◆ **ACTIVITY**:
For this exercise, transcribe every line of the material exactly and skip the pictures.

--- WORKING DATA Enclosed Below ---

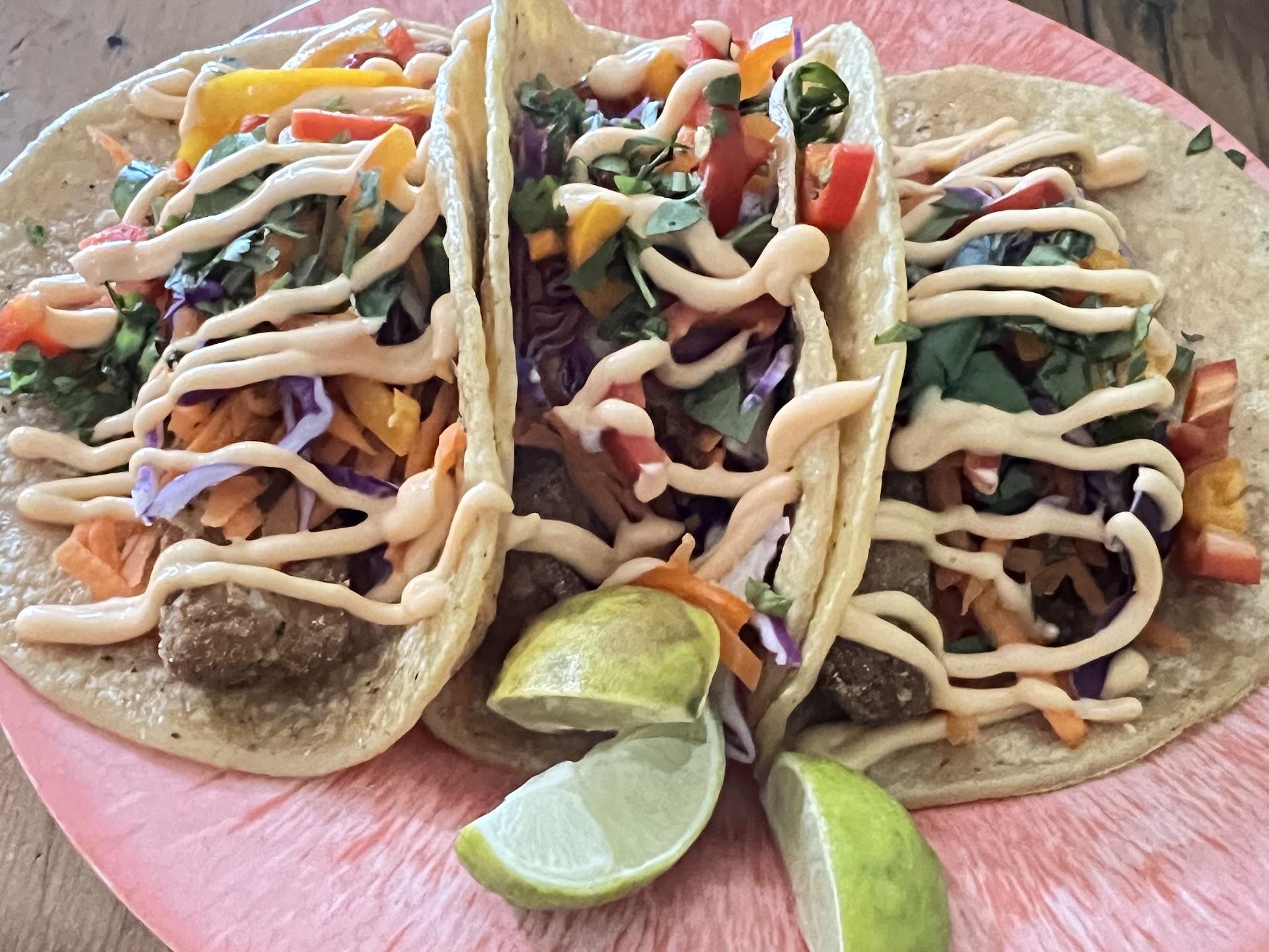 I had the Fish Tacos actually made into a wrap and it was amazing. The green spinach wrap was neatly rolled over some white rice, tasty peppers and vegan fish. The DRESSING on it was beyond tasty.
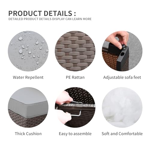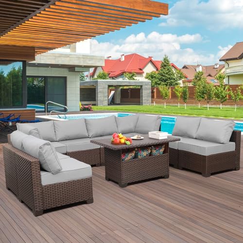 Valita 9-Piece Patio Rattan Furniture Set with Gas Fire Pit Table Outdoor Sectional Conversation Couch Brown PE Wicker Sofa with Washable Navy Blue Cushions
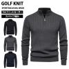 送料無料 新作 ゴルフウェア メンズ ニットセーター ハーフジップ 編地 編み目 無地 長袖 タートル ハイネック トップス おしゃれ 秋冬
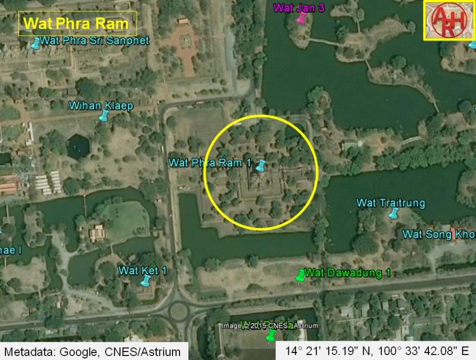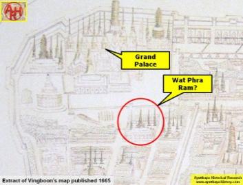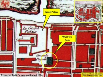 On the most accurate map of the French Engineer Jacques Nicolas Bellin (1703-1772), likely based on data provided by another French Engineer de La Mare (who participated in the first French Embassy to Siam), we find Wat Phra Ram clearly indicated as the "Grande Pagode". |
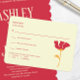 Ajoutez une touche vibrante à votre suite mariage avec cette carte RSVP moderne avec une typographie audacieuse et un mélange amusant d'orange et de rouge. Conçu pour les couples qui aiment les lignes épurées et le style contemporain, cette carte est à la fois attrayante et fonctionnelle. C’est une façon amusante et mémorable pour les clients de répondre à votre grande journée.
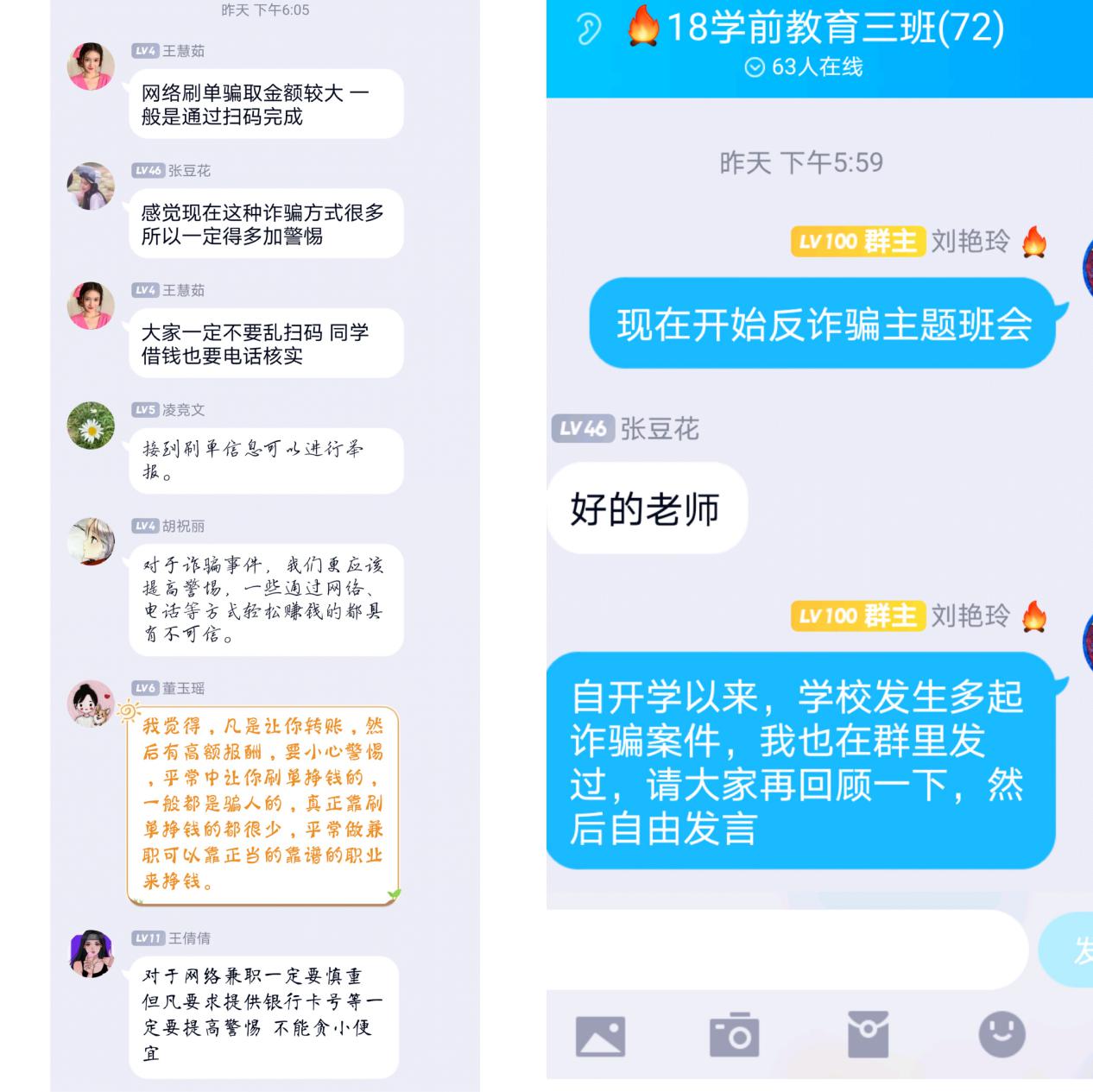 会上伊始,刘艳玲表示,本学期自开学以来,学校发生了多起诈骗案件,之前也在群里及时与大家分享过,希望同学们提高警惕、谨防受骗。同时,她建议同学们在回顾案例的基础上,通过自由发言交流,畅谈反诈技巧,以供大家共同学习。班会上,2018级学前教育3班王慧茹表示“网络刷单骗取金额较大,一般是通过扫码完成,大家一定不要乱扫码 同学借钱也要电话核实”;凌竞文认为“接到刷单信息可以进行举报”;张豆花表示:“感觉现在这种诈骗方式很多 所以一定得多加警惕”……大家纷纷发表自己的意见,表示“对于诈骗事件,应该提高警惕,一些通过网络、电话等方式轻松赚钱的都不可信”“网络兼职一定要慎重,不能贪小便宜”“不会有天上掉馅饼的好事”。

--- End of Enclosed WORKING DATA ---

◆ **EXPECTED OUTPUT**:
 I had the Fish Tacos actually made into a wrap and it was amazing. The green spinach wrap was neatly rolled over some white rice, tasty peppers and vegan fish. The DRESSING on it was beyond tasty.
 Valita 9-Piece Patio Rattan Furniture Set with Gas Fire Pit Table Outdoor Sectional Conversation Couch Brown PE Wicker Sofa with Washable Navy Blue Cushions
 送料無料 新作 ゴルフウェア メンズ ニットセーター ハーフジップ 編地 編み目 無地 長袖 タートル ハイネック トップス おしゃれ 秋冬
 On the most accurate map of the French Engineer Jacques Nicolas Bellin (1703-1772), likely based on data provided by another French Engineer de La Mare (who participated in the first French Embassy to Siam), we find Wat Phra Ram clearly indicated as the "Grande Pagode". |
 Ajoutez une touche vibrante à votre suite mariage avec cette carte RSVP moderne avec une typographie audacieuse et un mélange amusant d'orange et de rouge. Conçu pour les couples qui aiment les lignes épurées et le style contemporain, cette carte est à la fois attrayante et fonctionnelle. C’est une façon amusante et mémorable pour les clients de répondre à votre grande journée.
 会上伊始,刘艳玲表示,本学期自开学以来,学校发生了多起诈骗案件,之前也在群里及时与大家分享过,希望同学们提高警惕、谨防受骗。同时,她建议同学们在回顾案例的基础上,通过自由发言交流,畅谈反诈技巧,以供大家共同学习。班会上,2018级学前教育3班王慧茹表示“网络刷单骗取金额较大,一般是通过扫码完成,大家一定不要乱扫码 同学借钱也要电话核实”;凌竞文认为“接到刷单信息可以进行举报”;张豆花表示:“感觉现在这种诈骗方式很多 所以一定得多加警惕”……大家纷纷发表自己的意见,表示“对于诈骗事件,应该提高警惕,一些通过网络、电话等方式轻松赚钱的都不可信”“网络兼职一定要慎重,不能贪小便宜”“不会有天上掉馅饼的好事”。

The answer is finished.